[Extracted records]
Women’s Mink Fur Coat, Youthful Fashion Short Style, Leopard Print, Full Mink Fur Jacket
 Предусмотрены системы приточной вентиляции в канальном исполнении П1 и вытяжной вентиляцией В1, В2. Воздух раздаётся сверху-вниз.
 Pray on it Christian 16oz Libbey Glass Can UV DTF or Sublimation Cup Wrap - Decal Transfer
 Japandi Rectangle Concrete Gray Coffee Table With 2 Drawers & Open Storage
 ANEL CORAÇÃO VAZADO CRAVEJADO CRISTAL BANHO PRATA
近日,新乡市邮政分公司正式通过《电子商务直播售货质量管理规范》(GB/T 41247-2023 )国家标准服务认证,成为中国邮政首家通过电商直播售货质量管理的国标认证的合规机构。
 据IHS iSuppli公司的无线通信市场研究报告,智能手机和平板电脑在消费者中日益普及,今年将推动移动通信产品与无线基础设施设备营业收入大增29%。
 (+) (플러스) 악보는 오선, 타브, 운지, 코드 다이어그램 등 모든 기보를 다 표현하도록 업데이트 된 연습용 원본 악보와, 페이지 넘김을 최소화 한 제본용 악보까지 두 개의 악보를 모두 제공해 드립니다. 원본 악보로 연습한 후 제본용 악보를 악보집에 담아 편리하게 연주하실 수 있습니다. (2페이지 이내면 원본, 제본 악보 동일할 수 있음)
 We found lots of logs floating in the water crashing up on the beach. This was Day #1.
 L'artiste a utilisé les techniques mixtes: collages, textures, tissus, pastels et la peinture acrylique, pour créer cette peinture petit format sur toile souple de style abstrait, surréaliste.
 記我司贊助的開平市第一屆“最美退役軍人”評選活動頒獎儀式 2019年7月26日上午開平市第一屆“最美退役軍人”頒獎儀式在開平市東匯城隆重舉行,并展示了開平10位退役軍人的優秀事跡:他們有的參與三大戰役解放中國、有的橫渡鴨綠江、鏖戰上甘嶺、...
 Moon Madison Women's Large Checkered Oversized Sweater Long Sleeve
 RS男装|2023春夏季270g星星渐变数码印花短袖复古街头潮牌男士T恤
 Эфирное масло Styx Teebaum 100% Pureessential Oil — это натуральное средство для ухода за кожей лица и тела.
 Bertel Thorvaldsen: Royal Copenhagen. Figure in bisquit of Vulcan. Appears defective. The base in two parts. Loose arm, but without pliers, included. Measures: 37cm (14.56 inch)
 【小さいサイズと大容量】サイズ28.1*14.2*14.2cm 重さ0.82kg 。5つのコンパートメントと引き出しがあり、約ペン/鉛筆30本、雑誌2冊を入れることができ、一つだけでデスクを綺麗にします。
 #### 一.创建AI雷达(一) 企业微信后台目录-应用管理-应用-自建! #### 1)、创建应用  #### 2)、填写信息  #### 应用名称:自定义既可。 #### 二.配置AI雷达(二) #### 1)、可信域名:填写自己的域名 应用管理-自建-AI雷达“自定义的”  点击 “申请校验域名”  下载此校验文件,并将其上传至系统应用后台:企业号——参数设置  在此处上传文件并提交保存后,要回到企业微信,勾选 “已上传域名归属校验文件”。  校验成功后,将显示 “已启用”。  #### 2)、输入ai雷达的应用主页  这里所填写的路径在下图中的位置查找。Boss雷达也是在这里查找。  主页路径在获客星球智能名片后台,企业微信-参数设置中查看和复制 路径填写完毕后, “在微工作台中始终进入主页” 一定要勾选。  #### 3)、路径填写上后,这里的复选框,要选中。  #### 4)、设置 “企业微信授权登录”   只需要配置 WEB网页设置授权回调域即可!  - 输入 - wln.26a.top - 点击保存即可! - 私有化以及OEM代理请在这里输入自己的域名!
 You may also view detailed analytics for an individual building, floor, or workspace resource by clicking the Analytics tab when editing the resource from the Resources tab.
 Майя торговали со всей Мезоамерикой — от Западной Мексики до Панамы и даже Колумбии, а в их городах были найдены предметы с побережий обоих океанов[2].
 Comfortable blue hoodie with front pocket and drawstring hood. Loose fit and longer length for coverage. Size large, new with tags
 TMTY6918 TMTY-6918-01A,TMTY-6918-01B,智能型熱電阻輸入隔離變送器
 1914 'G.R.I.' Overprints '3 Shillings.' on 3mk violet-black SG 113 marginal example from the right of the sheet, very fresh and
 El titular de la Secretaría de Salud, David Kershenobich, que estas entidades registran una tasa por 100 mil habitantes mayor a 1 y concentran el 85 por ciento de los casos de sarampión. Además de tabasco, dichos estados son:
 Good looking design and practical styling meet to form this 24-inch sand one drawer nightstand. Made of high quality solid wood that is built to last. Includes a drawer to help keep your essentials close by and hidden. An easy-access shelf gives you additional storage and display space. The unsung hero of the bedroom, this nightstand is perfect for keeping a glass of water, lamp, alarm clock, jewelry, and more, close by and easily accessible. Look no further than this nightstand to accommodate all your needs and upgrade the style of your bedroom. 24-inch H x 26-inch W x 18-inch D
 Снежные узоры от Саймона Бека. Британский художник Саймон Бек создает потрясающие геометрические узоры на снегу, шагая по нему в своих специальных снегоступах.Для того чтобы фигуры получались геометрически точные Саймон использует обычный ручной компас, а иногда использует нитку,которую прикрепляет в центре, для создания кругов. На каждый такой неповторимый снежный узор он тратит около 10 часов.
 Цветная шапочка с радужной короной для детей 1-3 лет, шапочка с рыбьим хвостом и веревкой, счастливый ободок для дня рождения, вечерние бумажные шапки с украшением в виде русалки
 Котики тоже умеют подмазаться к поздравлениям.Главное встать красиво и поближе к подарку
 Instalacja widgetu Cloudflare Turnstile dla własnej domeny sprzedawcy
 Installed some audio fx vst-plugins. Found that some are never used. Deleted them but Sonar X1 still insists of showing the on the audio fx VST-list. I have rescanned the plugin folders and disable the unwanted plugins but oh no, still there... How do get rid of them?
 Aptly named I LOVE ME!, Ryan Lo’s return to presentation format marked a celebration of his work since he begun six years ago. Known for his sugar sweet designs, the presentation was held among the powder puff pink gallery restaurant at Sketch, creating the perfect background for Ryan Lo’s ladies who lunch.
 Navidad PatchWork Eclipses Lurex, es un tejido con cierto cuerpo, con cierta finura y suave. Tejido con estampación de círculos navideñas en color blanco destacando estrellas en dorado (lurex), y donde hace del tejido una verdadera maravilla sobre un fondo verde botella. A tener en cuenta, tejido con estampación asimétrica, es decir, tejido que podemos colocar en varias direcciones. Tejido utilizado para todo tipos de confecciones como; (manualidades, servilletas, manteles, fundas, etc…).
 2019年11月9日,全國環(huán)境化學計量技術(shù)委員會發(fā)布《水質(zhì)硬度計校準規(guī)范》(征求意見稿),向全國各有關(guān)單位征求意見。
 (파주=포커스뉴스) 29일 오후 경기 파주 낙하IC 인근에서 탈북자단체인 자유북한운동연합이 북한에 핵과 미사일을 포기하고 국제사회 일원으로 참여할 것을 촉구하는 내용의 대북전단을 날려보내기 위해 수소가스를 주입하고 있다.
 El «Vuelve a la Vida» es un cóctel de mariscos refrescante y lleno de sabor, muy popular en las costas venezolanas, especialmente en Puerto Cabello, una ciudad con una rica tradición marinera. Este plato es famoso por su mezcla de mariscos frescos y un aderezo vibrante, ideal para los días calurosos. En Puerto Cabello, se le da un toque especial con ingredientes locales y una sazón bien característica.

Activity
An exact copy of the lines above between the line holding "El titular de" and the line holding "Instalacja widgetu Cloudflare", inclusive, is the whole answer.

Response area
 El titular de la Secretaría de Salud, David Kershenobich, que estas entidades registran una tasa por 100 mil habitantes mayor a 1 y concentran el 85 por ciento de los casos de sarampión. Además de tabasco, dichos estados son:
 Good looking design and practical styling meet to form this 24-inch sand one drawer nightstand. Made of high quality solid wood that is built to last. Includes a drawer to help keep your essentials close by and hidden. An easy-access shelf gives you additional storage and display space. The unsung hero of the bedroom, this nightstand is perfect for keeping a glass of water, lamp, alarm clock, jewelry, and more, close by and easily accessible. Look no further than this nightstand to accommodate all your needs and upgrade the style of your bedroom. 24-inch H x 26-inch W x 18-inch D
 Снежные узоры от Саймона Бека. Британский художник Саймон Бек создает потрясающие геометрические узоры на снегу, шагая по нему в своих специальных снегоступах.Для того чтобы фигуры получались геометрически точные Саймон использует обычный ручной компас, а иногда использует нитку,которую прикрепляет в центре, для создания кругов. На каждый такой неповторимый снежный узор он тратит около 10 часов.
 Цветная шапочка с радужной короной для детей 1-3 лет, шапочка с рыбьим хвостом и веревкой, счастливый ободок для дня рождения, вечерние бумажные шапки с украшением в виде русалки
 Котики тоже умеют подмазаться к поздравлениям.Главное встать красиво и поближе к подарку
 Instalacja widgetu Cloudflare Turnstile dla własnej domeny sprzedawcy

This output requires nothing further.